Twenty-ninth Sunday In Ordinary Time – Missions Impossible?
I wonder what the interfaith leaders at the World Parliament of Religions (Salt Lake City) might have to say about this text. The Parliament, with its thousands of participants from diverse faith traditions, seem to be of one accord in its attempts to resolve problems that affect all of us, for example, women’s rights, income inequality and several others.
I wonder what the bishops at the Synod on the Family (Rome) might have to say about this text. There appears to be much less agreement among the bishops especially regarding same sex marriage and divorce, which are only two of the many topics being considered in Rome.

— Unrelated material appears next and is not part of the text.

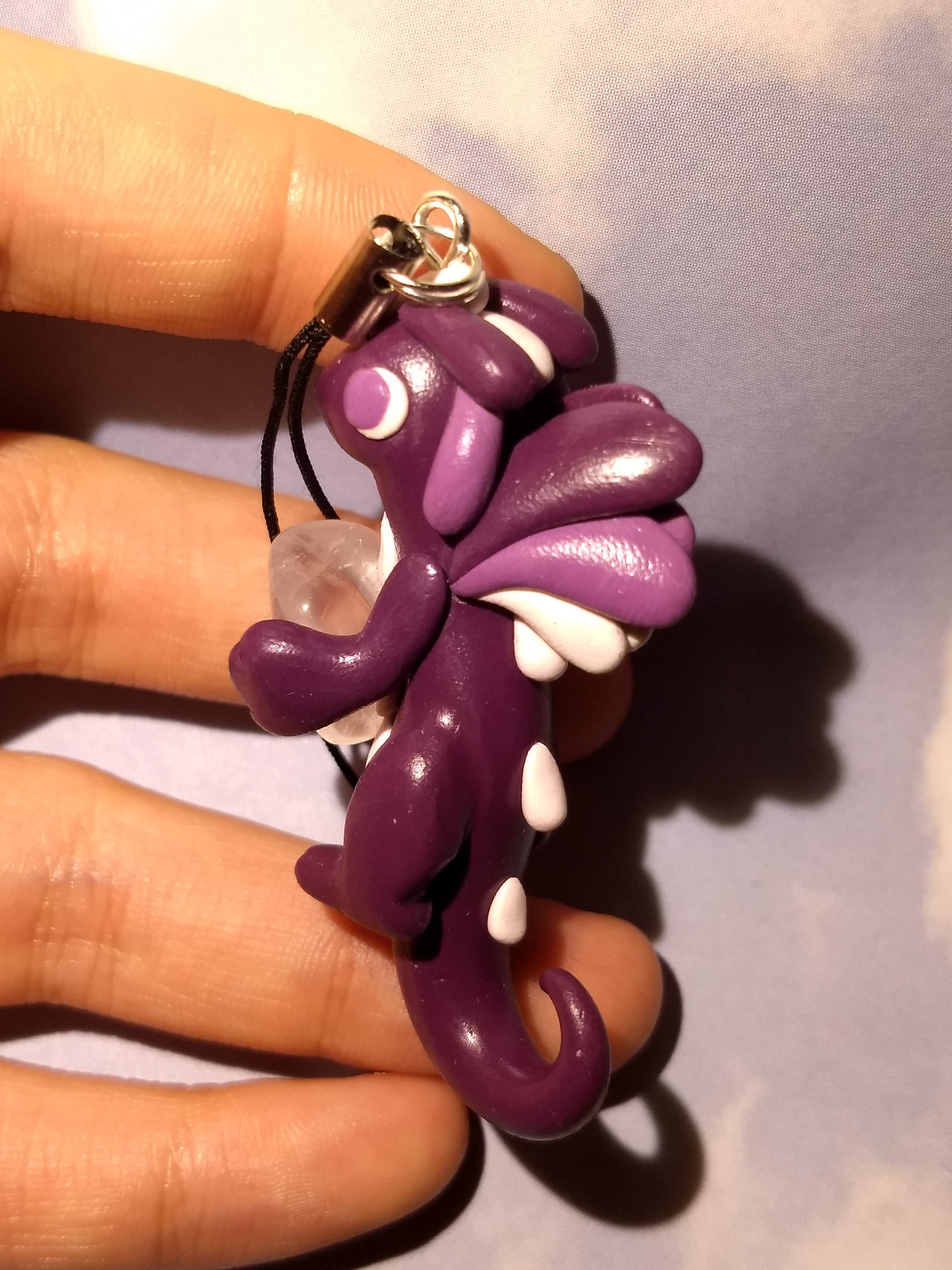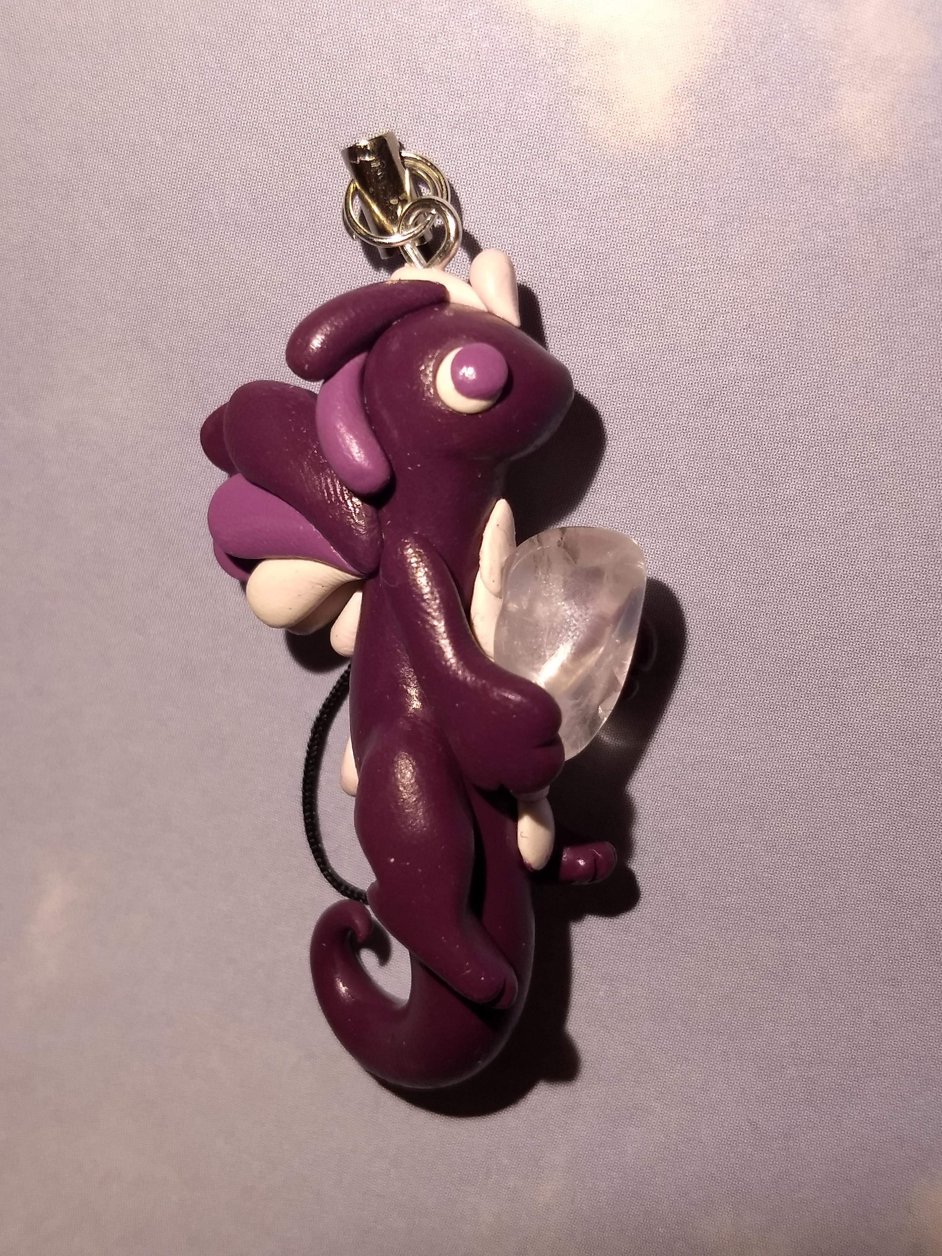 A dragon charm handmade from polymer clay. This one features a curved teardrop shape.

Created as part of Vatican Two reforms by Pope Paul VI the Synod is mandated to read the signs of the times and find fresh ways to interpret the teachings of the Church. Pope Francis is calling for mercy in every instance. Some bishops, not happy with this more pastoral approach, are looking to strengthen existing doctrines. Can our church apply a one size fits all solution for 1.2 billion Catholics living in diverse cultures?
To resolve the issues being discussed at both gatherings seems to be an impossible mission. Today, World Mission Sunday, offers a small window of opportunity to think about the complexity of the problems around the world. Just to be aware of these situations is a good first step for us even before trying to figure out what to do about them.
The discussion in today’s gospel, between Jesus and two of his earliest missionaries, is provocative. For the third time Jesus was explaining that death awaits him, that the road to glory is not easy, that hard work and endurance are essential. To be a missionary of Christ you have to give something up.
However, the apostles did not comprehend what Jesus was talking about. They were confident that he was the messiah, who would atone for all the sins of the world. Scholars generally agree that the understanding of Jesus as a suffering servant is a reference to the prophecies attributed to Isaiah. Also, the Letter to the Hebrews, which we read today, presents Jesus as a high priest who, like Old Testament priests, would atone for sins. But, Jesus was a layman.
Thinking that Jesus is the savior and that there was nothing left for them to do the disciples negotiated with him about who would have a lofty place in heaven, without doing any heavy lifting. More exasperating they apparently were not at all concerned about the other disciples. 
Bishop Oscar Cantú, Chairman of the Committee on International Justice and Peace, would say “If we want security, let us give security; if we want life, let us give life; if we want opportunities, let us provide opportunities.” Jesus rebuked his disciples who wanted special favors, “can you handle the work load first?” “Can you drink from the same cup I am?”
What does that question mean for us? Pope Francis reminds us: “Those who follow Christ cannot fail to be missionaries.” Maybe we join local coalitions working for justice. Maybe we help agencies who assist poor people. Maybe we take a closer look at our diocesan and parish budgets and our priorities. Maybe each of us chooses to do something, large or small, to make a difference in the lives of others.
Learning to be a 21st century missionary is a hard thing to do especially for those among us who struggle with daily necessities. Popular author, Marylynne Anderson, wrote recently, Christianity is meant to be hard. We realize then why these familiar biblical challenges, the Words of God, are important to our faith tradition. No mission on earth is impossible when we work together for the common good.
Pope Paul VI wrote, “The grace of renewal cannot grow in communities unless each of these [communities] extends the range of its charity to the ends of the earth, and devotes the same care to those afar off as it does to those who are its own members.”
Watching those televised images of refugee families fleeing their countries in search of new life is overwhelming. I think of the small children in my family and how blessed we are to live in a country that is free and full of opportunity.
I do not know what I can do to ease all the pain that exists abroad. I am more aware, however, that large numbers of God’s creatures are vulnerable and poor while only a few humans have way too much power and wealth. I am grateful for the leaders and missionaries of all faiths doing what they can do to help people in a merciful way. I am thankful for this chance to think about my responsibilities as well.
1. A Costly Freedom: A Theological Reading of Mark’s Gospel. (Collegeville: Liturgical Press) 2008) 166 ff.